Cuando se pone en marcha un nuevo proceso, empezar el torneo sumando un punto, en condición de visitante, significa un aporte importante. Juventud Antoniana se presentaba ayer, en Misiones, con un equipo que prácticamente -en un ochenta por ciento- lo integraban jugadores que fueron incorporados como refuerzos para esta temporada. Y tan mal no le fue; porque empató dos a dos frente al debutante en la categoría, Guaraní Antonio Franco, y dejó una mejor impresión que su rival en cuanto al juego.
Vaya sorpresa que produjo el equipo antoniano en el inicio del partido. Juan Pablo Rial estuvo atento a los groseros errores defensivo de los misioneros y, en la primera estocada a fondo, el delantero abrió el marcador.

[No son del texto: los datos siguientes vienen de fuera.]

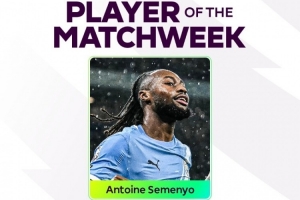 传射建功,官方:曼城边锋塞梅尼奥当选英超第26轮最佳球员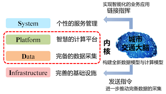宣城交通大脑按照IDPS体系架构搭建,在完善的基础设施条件下,通过完备的数据采集来支撑智慧化的交通需求、能力和状态分析,进而驱动个性化的业务与服务应用。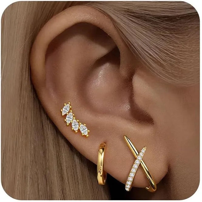 Fashionable Stone Gold Cross Earrings Women's Cube Set Earring Jewelry Lightweight Luxury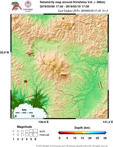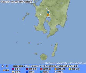 震源・震度に関する情報 平成31年 3月10日15時46分 気象庁発表 10日15時43分ころ、地震がありました。 震源地は、鹿児島県薩摩地方(北緯31.8度、東経130.7度)で、震源の深さは約10km、地震の規模(マグニチュード)は2.7と推定されます。 この地震による津波の心配はありません。 この地震により観測された最大震度は2です。 [震度3以上が観測された地域(鹿児島県(奄美地方除く))] 震度3以上が観測された地域はありません。 [震度1以上が観測された市町村(鹿児島県(奄美地方除く))] 鹿児島県 震度2 霧島市 震度1 薩摩川内市 伊佐市 湧水町 |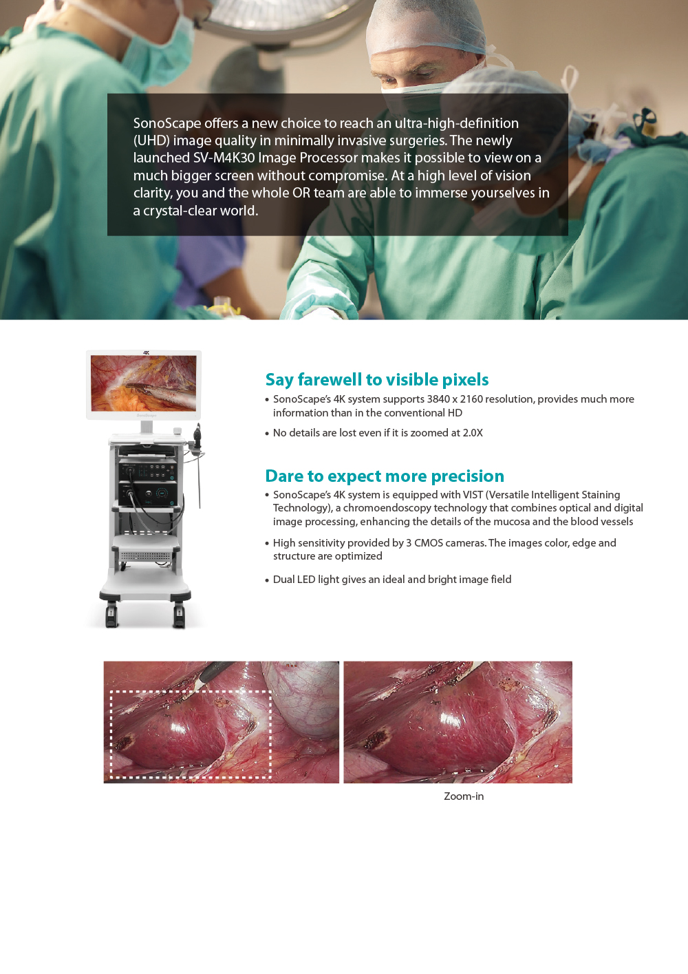 High-definition SonoScape SV-M4K30 4K system for MIS. Features 3CMOS sensor & dual LED for superior clarity.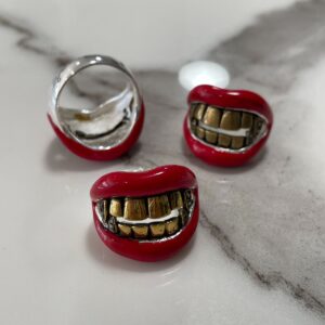 RAD! ENAMELED RED LIPS & GOLD TEETH RING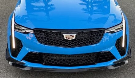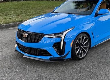 The Savage Cadillac CT4-V Blackwing "Spec-2" Style Front Splitter with Dive Plane Front Canards in Carbon Fiber or Gloss Black Fiberglass! These are exclusively compatible with your CT4-V Blackwing! Get that all-out aero functionality, performance & aggressive look for your Blackwing now!

El tanto en contra fue un golpe muy fuerte para los locales. Ese impacto profundizó los desajustes en la última línea local, pero Juventud no supo sacarle provecho ni utilizar la fórmula adecuada para estirar las diferencias. Así, el mismo Rial, Cristian Badaracco, Diego Gottardi o Nicolás Aguirre se encontraron con jugadas que hubieran podido terminar en gol.
Luego de salir del encierro que le provocó, durante los primeros veinte minutos de la etapa inicial el acertado trabajo antoniano, Guaraní empezó a arrimar peligro en el arco defendido por Angel Pedroso. El arquero pasó por algunas zozobras, pero no pudo impedir que Ezequiel Gaviglio, de cabeza, consiguiera la igualdad para su equipo.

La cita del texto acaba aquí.